Satire poétique d'un cinéma oublié

Attention, je spoile pas mal d'évènements liés au film dans cette critique ! J'ai beau avoir grisé certaines parties évoquant un ou deux passages importants, la suite, bien que j'essaie de la rendre floue lorsque les sujets s'interposent, fait référence à ces fameuses tournures prise par l'œuvre. Je vous souhaite donc une bonne lecture, malgré cette mise en garde !
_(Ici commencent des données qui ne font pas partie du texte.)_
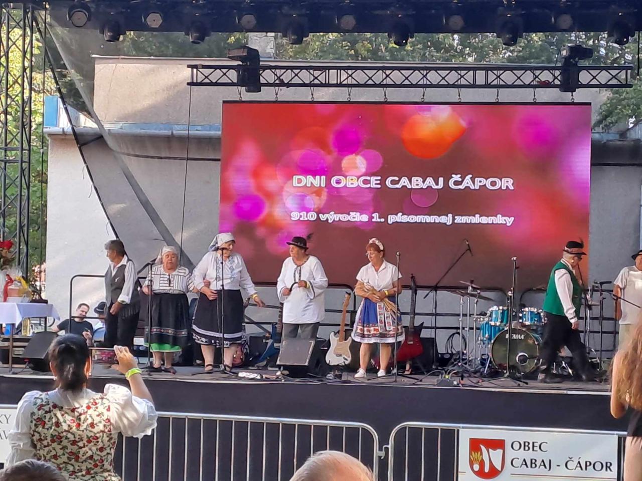 Vystúpenie speváckeho súboru Jatovčanka na prehliadke spevokolov "Spievaj, že si spievaj", ktorá bola súčasťou kultúrneho programu podujatia "Dni obce" pri príležitosti 910. výročia písomnej zmienky obce Cabaj-Čápor.

Le film commence. Nous sommes guidés par une voix-off qui nous donne les consignes à suivre au cours des 2h20 qui suivront. Cette voix, c'est celle du metteur en scène, Leos Carrax, que l'on retrouvera à nouveau quelque secondes plus tard, pour lancer cette fois-ci en images : l'introduction. En accord avec le récit du film, celle-ci optera pour un ton musical. Rythmée au son des instruments du groupe "Sparks", et de leur chanson "So May We Start". Cette dernière se délivre lors d'une marche enivrante du casting au travers des rues de Los Angeles. Ensorcelante, presque euphorisante, cette entrée assez sobre dans sa mise en scène fonctionne à merveille ! Avec ce prologue, c'est une véritable plongée dans les "abysses" de son monde que nous propose Carrax. Un dernier avertissement avant de nous envoyer au fin fond de son univers burlesque et musical. Juste avant de partir à la rencontre de la vie en apparence "idyllique", que partagent les deux amants du film...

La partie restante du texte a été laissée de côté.